MMH HOLDINGS: U.S. Trustee to Convene Meeting of Creditors on July 7, 2000
--------------------------------------------------------------------------
The United States Trustee for Region III will convene a meeting of creditors
of MMH Holdings, Inc., Morris Material Handling, Inc., and their related
Debtors, at 1:00 p.m. on July 7, 2000, in Room 2313 at 844 King Street in
Wilmington, Delaware, pursuant to 11 U.S.C. Sec. 341(a).  

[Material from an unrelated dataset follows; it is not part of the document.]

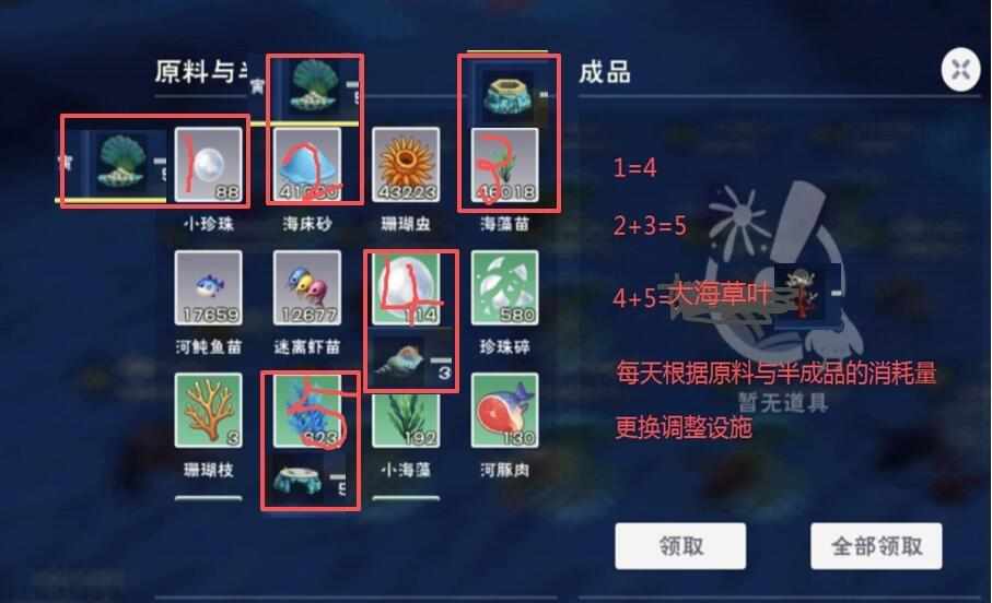 每个人抓的鲛人属性不一样,没办法固定教设施摆多少,每天根据产出调整就行

A Debtor representative is required to appear at the meeting, pursuant to Rule
9001(5) of the Federal Rules of Bankruptcy Procedure, for the purposed of
giving answers to questions posed by the United States Trustee and creditors
under oath.  

Alan Hyman, Esq., at Proskauer Rose LLP in New York, serves as lead counsel to
the Debtors.  Mary Caloway, Esq., at Klett, Rooney, Lieber & Schorling serves
as local counsel to the Debtors in Wilmington.  

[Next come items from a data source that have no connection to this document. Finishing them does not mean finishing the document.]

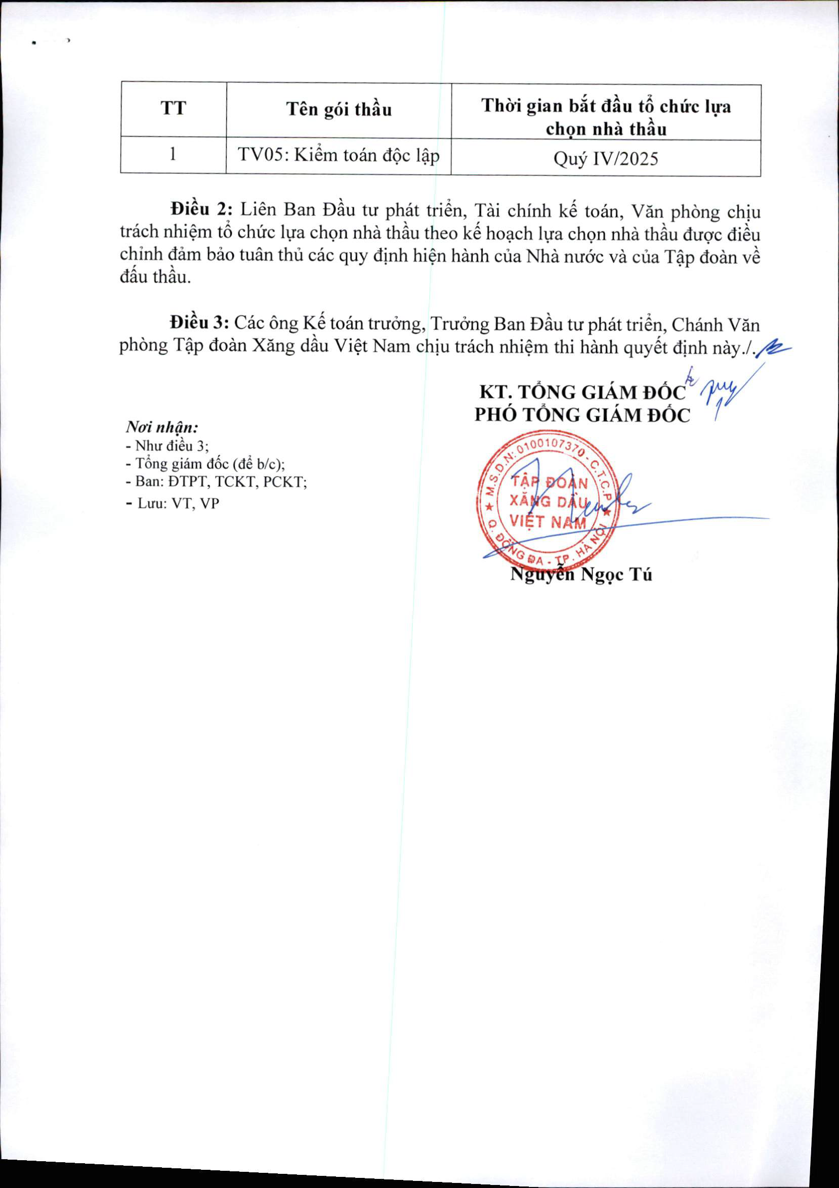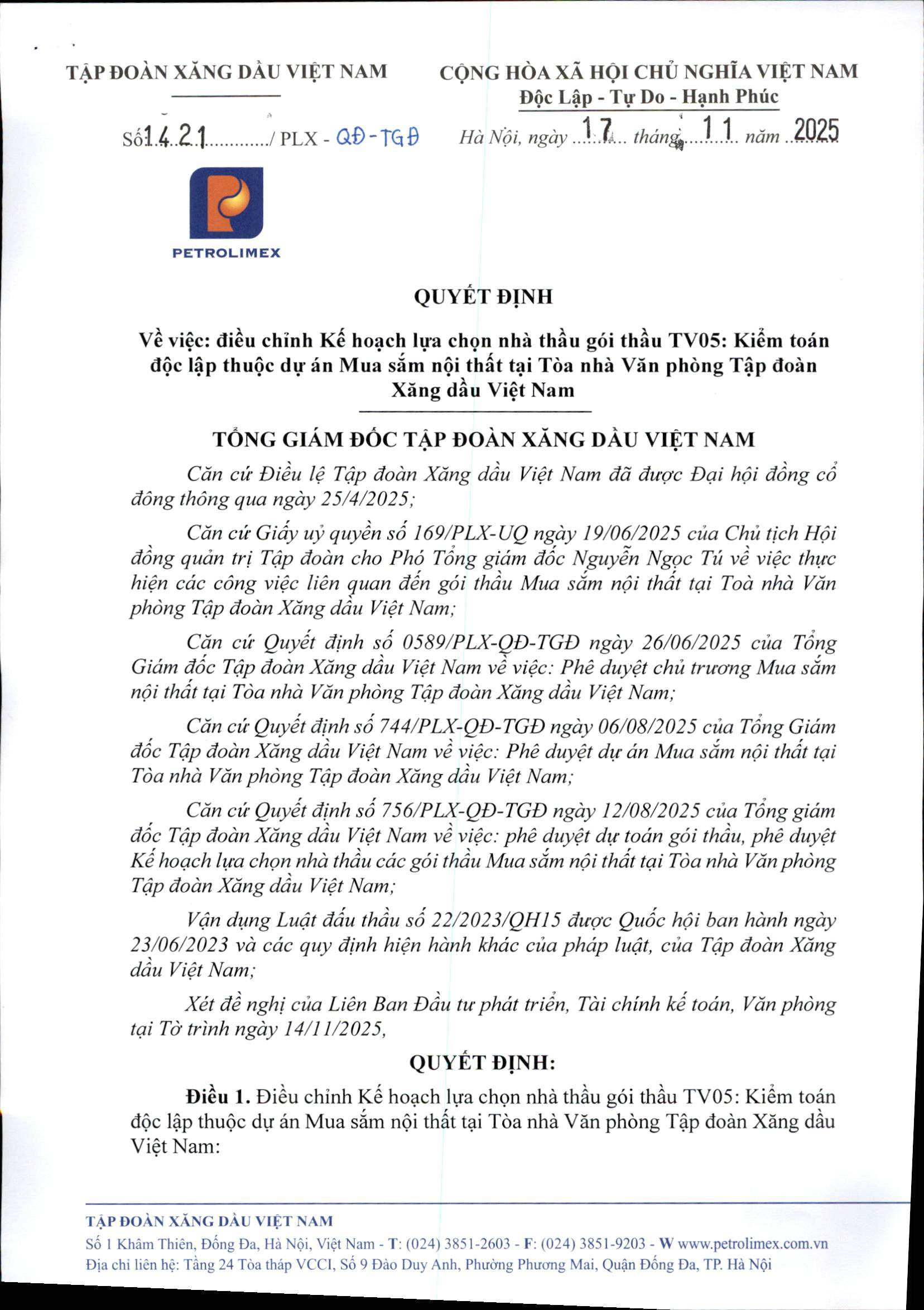 Quyết định về việc điều chỉnh Kế hoạch lựa chọn nhà thầu gói thầu TV05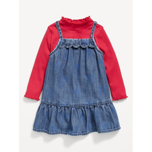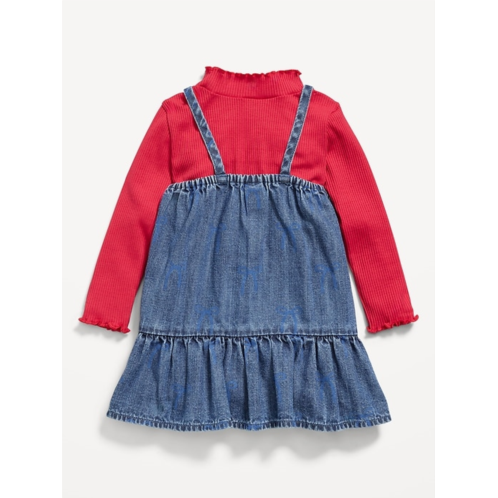 OldNavy Mock-Neck Ribbed T-Shirt and Tiered Chambray Dress Set for Baby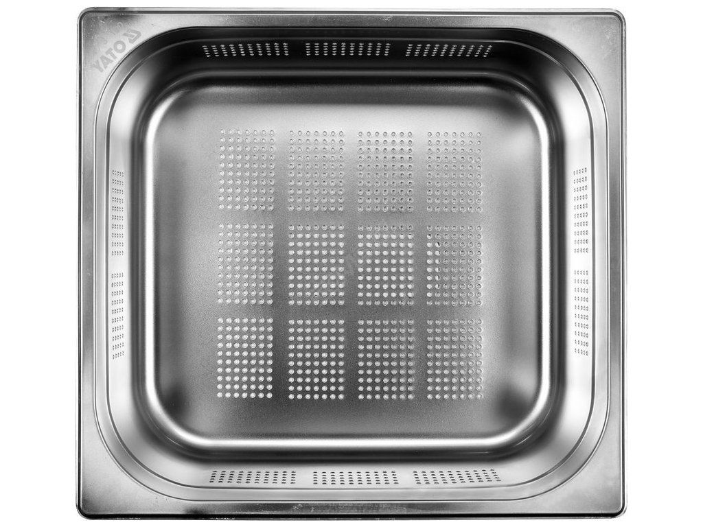 Perforovaná nerezová nádoba GN 2/3 100 mm je profesionální nádoba YATO z nerezové oceli, rozměry 2/3, 100 mm, objem 9 l.

NUWEB SOLUTIONS: Announces Post-Effective Date Reverse Stock Split
------------------------------------------------------------------
NuWeb Solutions, Inc. (NQB:NWEB) (CUSIP no. 67069B102) ("NuWeb") announced
that as of the close of business on May 4, 2000, the Company effected its 1-
for-1.8 reverse stock split (hereafter the "Stock Split"). In addition, NuWeb
had effected its Plan of Reorganization pursuant Chapter 11 of the Unites
States Bankruptcy Code which became effective on October 10, 1999, and which
entitled each holder of the Company's pre-bankruptcy common stock (CUSIP no.
212178503) to a pro rata portion of 400,000 shares of the common stock (the
"Plan of Reorganization" and together with the Stock Split referred to as the
"New Issuance"). As a result of the New Issuance, for every thirty-seven and
one-half shares of common stock (CUSIP no. 212178503) of the Company owned by
a shareholder, such shareholder shall be entitled to one share of common stock
(CUSIP no. 67069B102) (37.5 for 1).


PRISON REALTY: Moody's Downgrades Ratings on $100 Million of Securities
-----------------------------------------------------------------------
Moody's Investors Service has lowered the cumulative preferred stock rating of
Prison Realty Trust to "caa" from "b3", and the non-cumulative preferred stock
shelf rating to (P)"ca" from (P)"caa".  These ratings, which had been placed
under review for downgrade on January 12, 2000, remain under review for
further downgrade. The B2 senior unsecured debt and B1 secured bank line
ratings are unchanged, but also remain under review for downgrade.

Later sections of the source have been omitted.